Isaac’s impact related to the entire Louisiana seafood industry has yet to be determined, but Voisin said the presence of a hurricane does not necessarily mean an automatic loss.

“Sometimes there is a jubilee after a storm where you get more products,” Voisin said regarding oyster activity. “The water that comes off the land and gets into the bayous a lot of time brings in a lack of oxygen, but sometimes there are positive benefits.
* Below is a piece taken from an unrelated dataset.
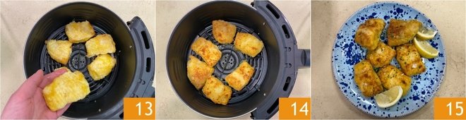 Drizzle the breaded cod fillets with a little oil on both sides 10. Place them in the air fryer basket (we used a fryer with a 6-liter capacity) 11 and cook at 356°F for a total of 15 minutes 12.
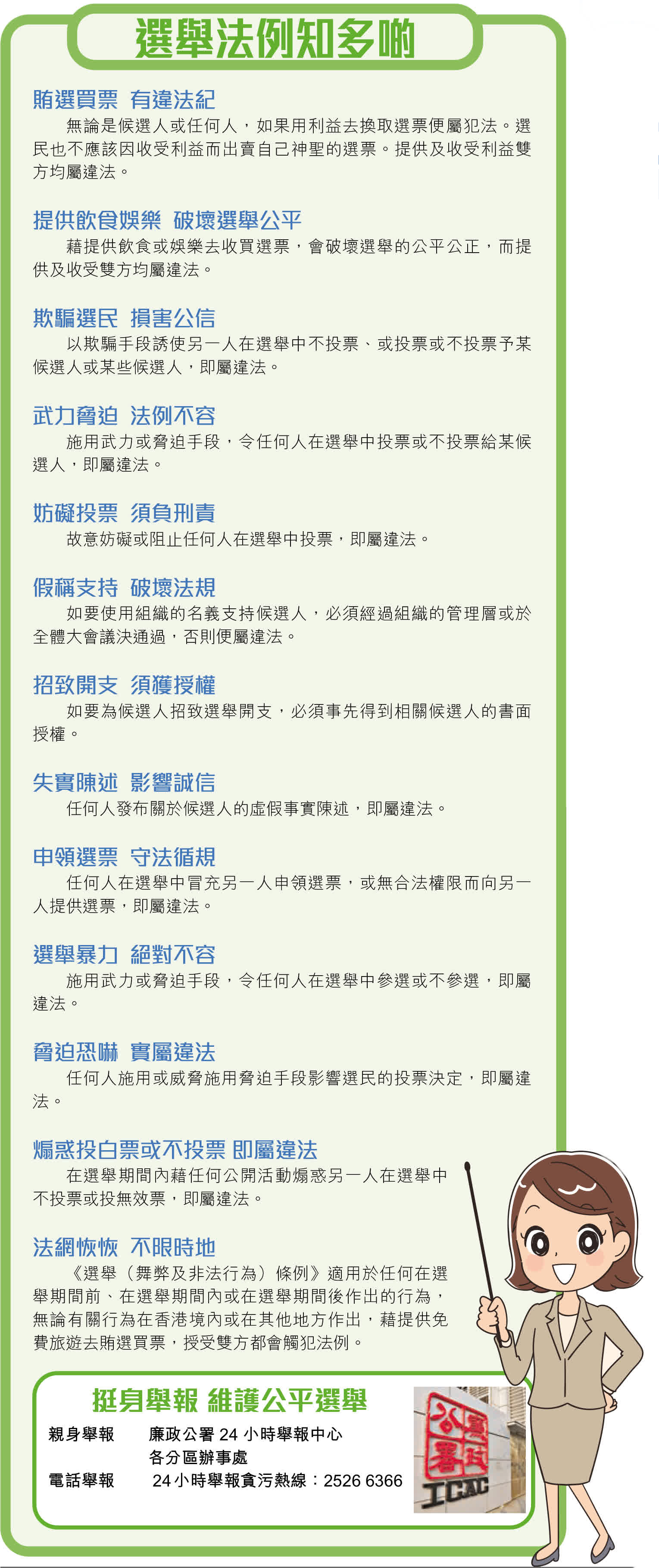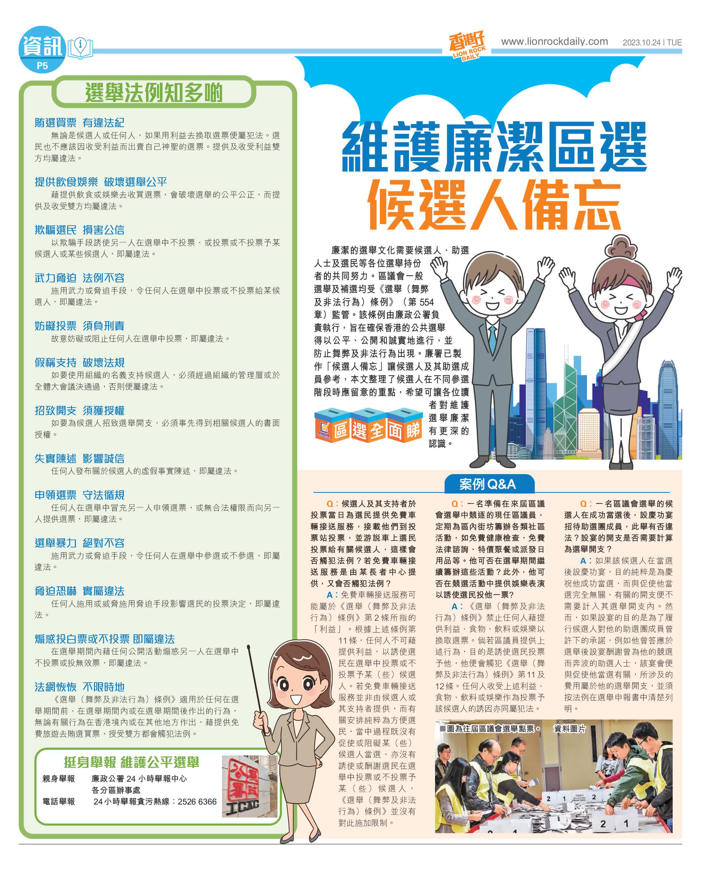 香港仔報道,廉潔的選舉文化需要候選人、助選人士及選民等各位選舉持份者的共同努力。區議會一般選舉及補選均受《選舉(舞弊及非法行為)條例》(第 554 章)監管。該條例由廉政公署負責執行,旨在確保香港的公共選舉得以公平、公開和誠實地進行,並防止舞弊及非法行為出現。廉署已製作「候選人備忘」讓候選人及其助選成員參考,本文整理了候選人在不同參選階段時應留意的重點,希望可讓各位讀者對維護選舉廉潔有更深的認識。

A lot of times storms re-oxygenate [waters], but the problem with this storm was that it just sat here so long.”

“This is a weird event because there was so much storm surge and rain over a long period of time,” Nicholls State University Associated Professor of Biology Allyse Ferrara said. “It is going to be interesting.”

Louisiana has approximately 1.7 million acres of public waters and 50,000 acres of reefs that the LDWF will be checking in the weeks to come. “At the same time private lease owners will be checking their 400,000 acres,” Banks said.

The Gulf of Mexico, as a whole, was back to work Friday. During an average year Louisiana produces more than 250 million pounds of oysters. The LDWF had already anticipated a 35 percent decline in oysters harvested during 2012, compared to the previous two years. Now, according to Banks, the oyster season could clam-up more than expected.

The Louisiana Department of Wildlife and Fisheries has launched a two-week study of Louisiana’s oyster fields. Research findings could mean baskets of oysters might not be as easy to get this season after Hurricane Isaac plodded inland from the Gulf of Mexico and mixed-up sediment, damaged marsh grasses and combined fresh water with saltwater.